#### INPUT:
━━━━━━━━━━━━━━━━━━━━

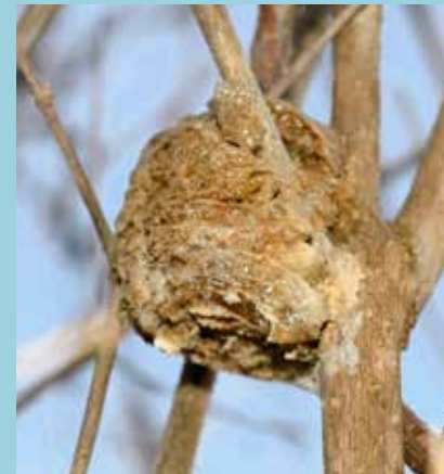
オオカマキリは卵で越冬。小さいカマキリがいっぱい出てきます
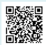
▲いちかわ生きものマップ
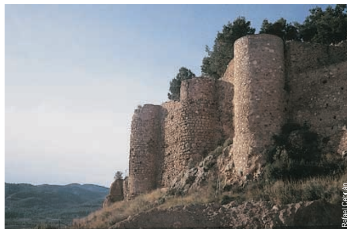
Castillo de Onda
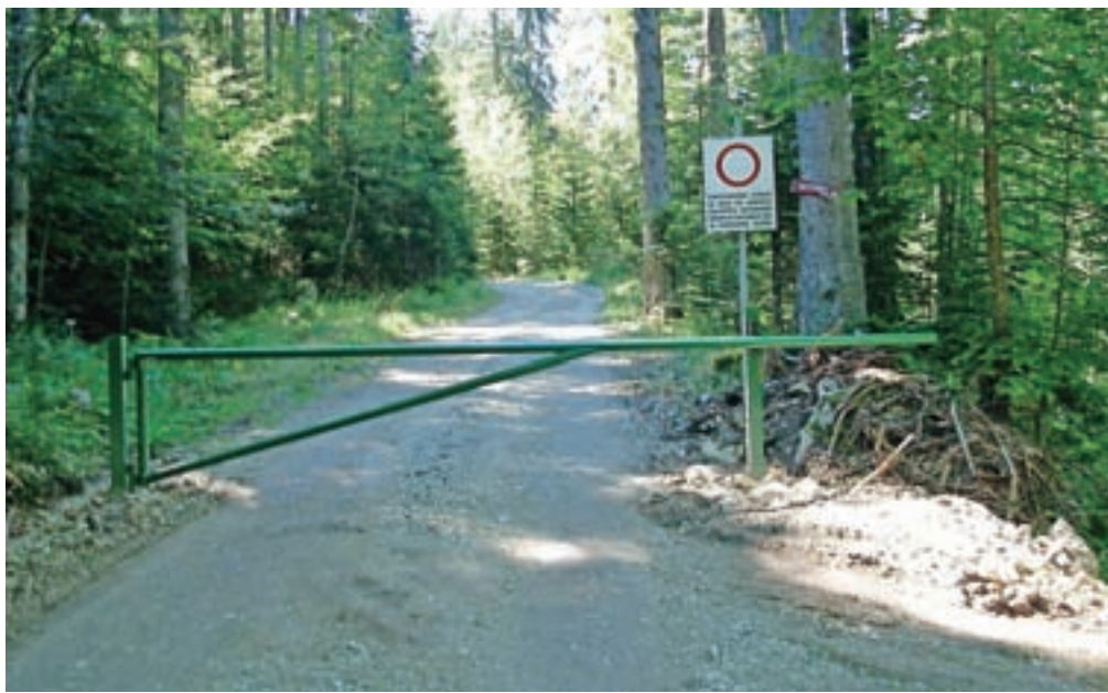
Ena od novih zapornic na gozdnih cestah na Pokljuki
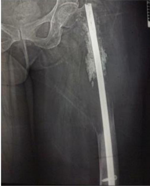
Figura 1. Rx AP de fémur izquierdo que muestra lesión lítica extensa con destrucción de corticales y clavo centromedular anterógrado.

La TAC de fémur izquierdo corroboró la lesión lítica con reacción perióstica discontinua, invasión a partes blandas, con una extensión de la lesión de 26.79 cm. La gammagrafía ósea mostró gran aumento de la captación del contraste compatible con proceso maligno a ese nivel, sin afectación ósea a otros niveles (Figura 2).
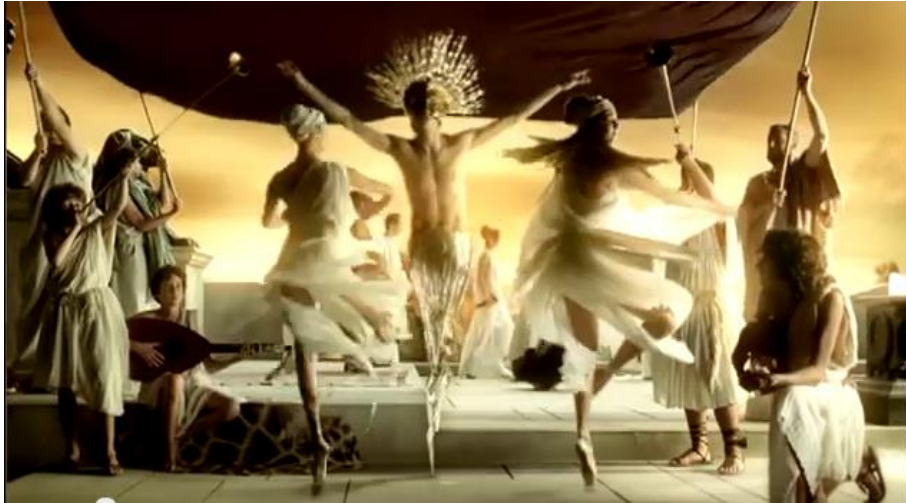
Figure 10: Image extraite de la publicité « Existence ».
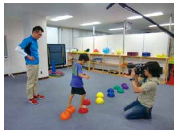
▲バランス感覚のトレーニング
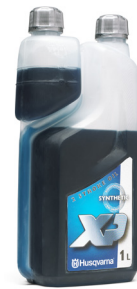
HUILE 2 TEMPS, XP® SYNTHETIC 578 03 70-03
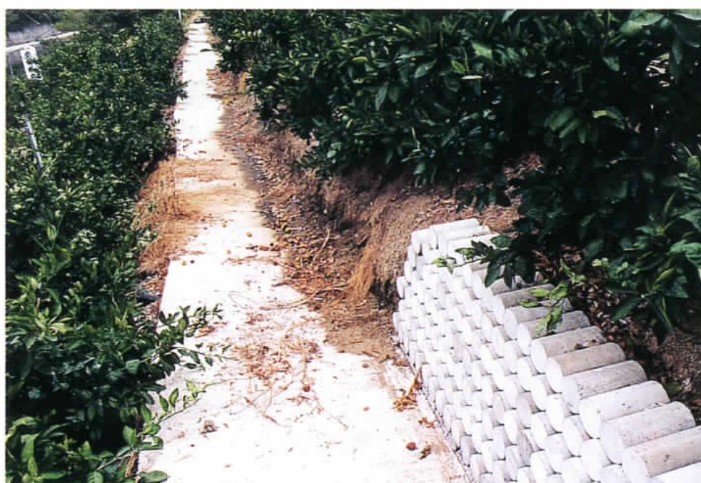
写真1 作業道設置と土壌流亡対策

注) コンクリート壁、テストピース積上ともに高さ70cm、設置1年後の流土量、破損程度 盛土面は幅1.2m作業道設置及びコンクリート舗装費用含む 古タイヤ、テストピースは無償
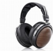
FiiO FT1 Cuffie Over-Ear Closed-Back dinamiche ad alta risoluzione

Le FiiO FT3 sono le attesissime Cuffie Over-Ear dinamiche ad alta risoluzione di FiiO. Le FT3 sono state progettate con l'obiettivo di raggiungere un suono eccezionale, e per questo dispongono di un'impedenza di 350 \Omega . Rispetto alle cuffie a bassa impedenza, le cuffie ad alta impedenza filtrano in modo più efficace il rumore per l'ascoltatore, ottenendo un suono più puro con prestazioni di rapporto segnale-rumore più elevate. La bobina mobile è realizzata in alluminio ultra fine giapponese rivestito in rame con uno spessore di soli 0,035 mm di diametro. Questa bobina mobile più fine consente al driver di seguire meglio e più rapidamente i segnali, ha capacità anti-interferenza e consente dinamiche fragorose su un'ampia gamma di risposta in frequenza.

━━━━━━━━━━━━━━━━━━━━

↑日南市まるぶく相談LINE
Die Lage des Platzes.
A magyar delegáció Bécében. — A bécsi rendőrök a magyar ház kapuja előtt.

━━━━━━━━━━━━━━━━━━━━

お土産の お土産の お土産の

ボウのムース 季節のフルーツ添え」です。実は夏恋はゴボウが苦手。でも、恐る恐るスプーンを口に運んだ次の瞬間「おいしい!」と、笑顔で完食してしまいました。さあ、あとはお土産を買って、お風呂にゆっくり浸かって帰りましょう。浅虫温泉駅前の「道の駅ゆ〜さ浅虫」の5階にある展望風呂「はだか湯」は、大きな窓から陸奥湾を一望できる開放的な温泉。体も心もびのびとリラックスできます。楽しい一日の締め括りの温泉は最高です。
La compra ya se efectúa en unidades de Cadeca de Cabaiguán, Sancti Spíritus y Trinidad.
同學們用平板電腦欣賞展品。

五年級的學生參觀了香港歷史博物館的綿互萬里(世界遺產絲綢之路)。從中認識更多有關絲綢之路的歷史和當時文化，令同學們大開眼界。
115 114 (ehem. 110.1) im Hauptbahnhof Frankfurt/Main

━━━━━━━━━━━━━━━━━━━━

#### REQUIREMENT:
Search the entries for the word "Over" and copy every line that has it.

#### TASK OUTPUT:
FiiO FT1 Cuffie Over-Ear Closed-Back dinamiche ad alta risoluzione
Le FiiO FT3 sono le attesissime Cuffie Over-Ear dinamiche ad alta risoluzione di FiiO. Le FT3 sono state progettate con l'obiettivo di raggiungere un suono eccezionale, e per questo dispongono di un'impedenza di 350 \Omega . Rispetto alle cuffie a bassa impedenza, le cuffie ad alta impedenza filtrano in modo più efficace il rumore per l'ascoltatore, ottenendo un suono più puro con prestazioni di rapporto segnale-rumore più elevate. La bobina mobile è realizzata in alluminio ultra fine giapponese rivestito in rame con uno spessore di soli 0,035 mm di diametro. Questa bobina mobile più fine consente al driver di seguire meglio e più rapidamente i segnali, ha capacità anti-interferenza e consente dinamiche fragorose su un'ampia gamma di risposta in frequenza.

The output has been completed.